RAW DATA:

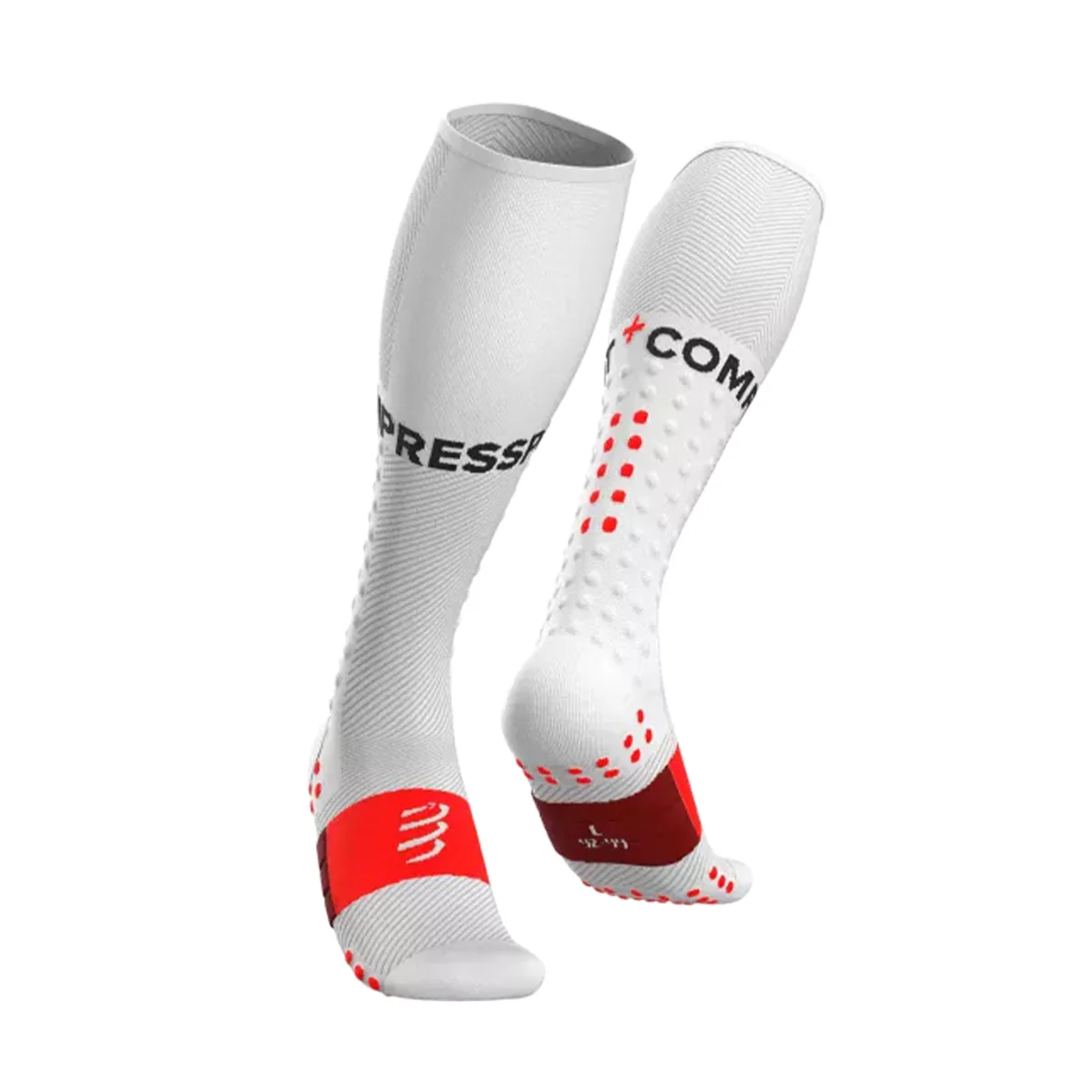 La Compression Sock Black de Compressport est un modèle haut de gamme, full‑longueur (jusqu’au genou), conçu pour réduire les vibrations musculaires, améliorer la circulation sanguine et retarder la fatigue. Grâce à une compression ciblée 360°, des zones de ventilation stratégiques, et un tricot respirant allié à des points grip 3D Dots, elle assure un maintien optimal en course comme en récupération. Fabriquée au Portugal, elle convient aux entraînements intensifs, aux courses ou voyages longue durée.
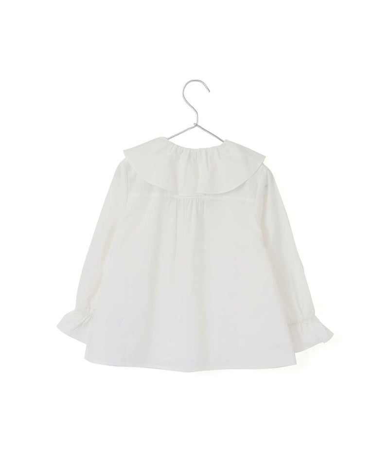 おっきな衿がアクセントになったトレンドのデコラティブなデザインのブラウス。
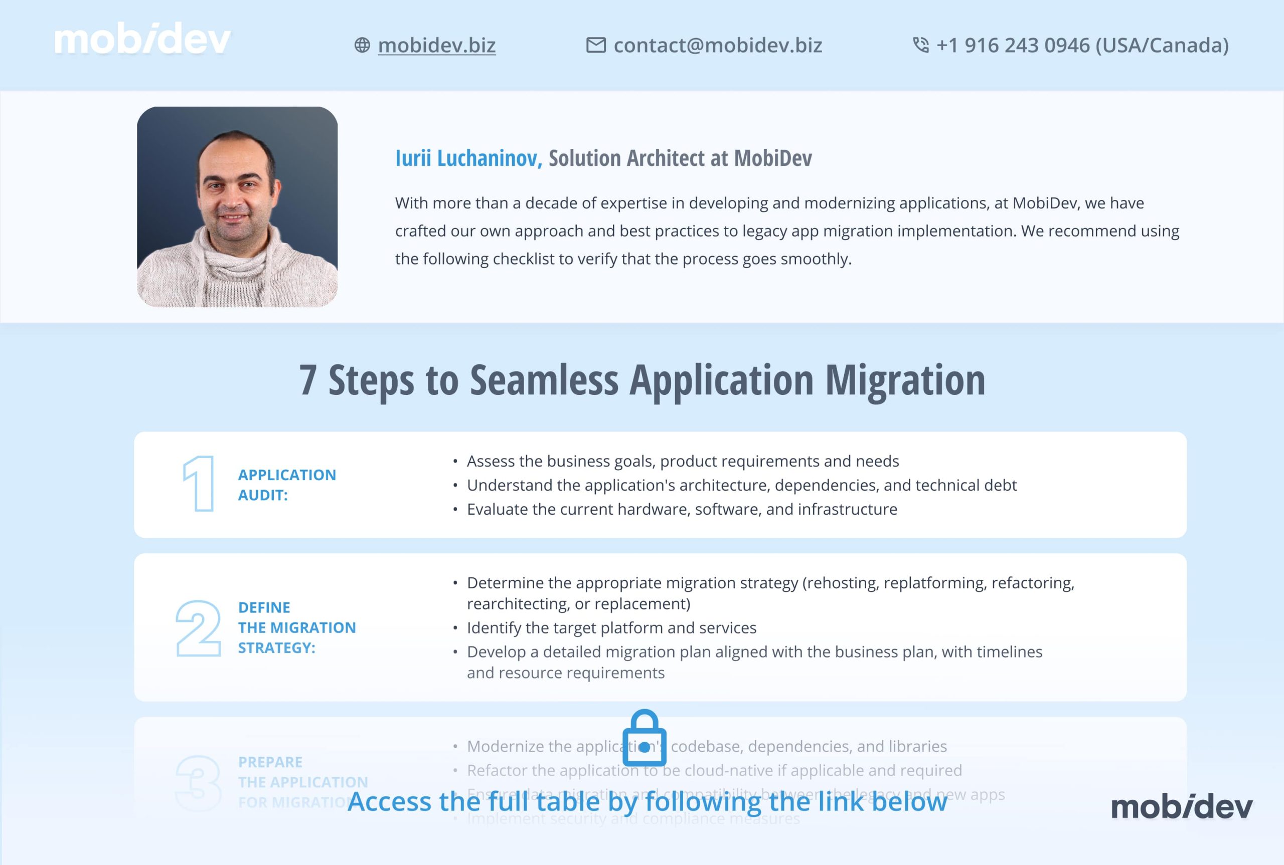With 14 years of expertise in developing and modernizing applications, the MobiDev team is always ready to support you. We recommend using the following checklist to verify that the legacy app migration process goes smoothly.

---

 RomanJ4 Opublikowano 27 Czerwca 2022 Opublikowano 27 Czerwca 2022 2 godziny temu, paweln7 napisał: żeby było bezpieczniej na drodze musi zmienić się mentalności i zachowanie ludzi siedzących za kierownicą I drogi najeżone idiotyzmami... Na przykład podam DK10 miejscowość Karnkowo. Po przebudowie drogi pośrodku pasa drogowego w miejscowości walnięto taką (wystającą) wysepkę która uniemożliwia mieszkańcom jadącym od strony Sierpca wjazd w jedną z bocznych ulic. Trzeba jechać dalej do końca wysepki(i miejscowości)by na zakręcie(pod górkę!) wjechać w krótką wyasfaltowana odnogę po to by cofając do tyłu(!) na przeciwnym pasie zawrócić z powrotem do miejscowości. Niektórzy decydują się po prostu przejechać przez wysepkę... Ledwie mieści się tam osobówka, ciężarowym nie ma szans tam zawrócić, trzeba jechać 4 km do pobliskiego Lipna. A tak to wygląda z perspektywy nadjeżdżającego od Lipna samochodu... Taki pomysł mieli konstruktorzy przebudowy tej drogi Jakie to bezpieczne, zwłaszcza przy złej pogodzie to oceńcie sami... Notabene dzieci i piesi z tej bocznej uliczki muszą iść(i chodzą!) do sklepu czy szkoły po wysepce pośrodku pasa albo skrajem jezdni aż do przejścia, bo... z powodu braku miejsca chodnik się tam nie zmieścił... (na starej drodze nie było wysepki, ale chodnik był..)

TASK: Taking the entries above, copy word for word the lines from the one with "おっきな衿がアクセントになったトレンドのデコラティブなデザインのブラウス。" up to and including the one with "With 14 years", without any picture.

TASK OUTPUT:
 おっきな衿がアクセントになったトレンドのデコラティブなデザインのブラウス。
With 14 years of expertise in developing and modernizing applications, the MobiDev team is always ready to support you. We recommend using the following checklist to verify that the legacy app migration process goes smoothly.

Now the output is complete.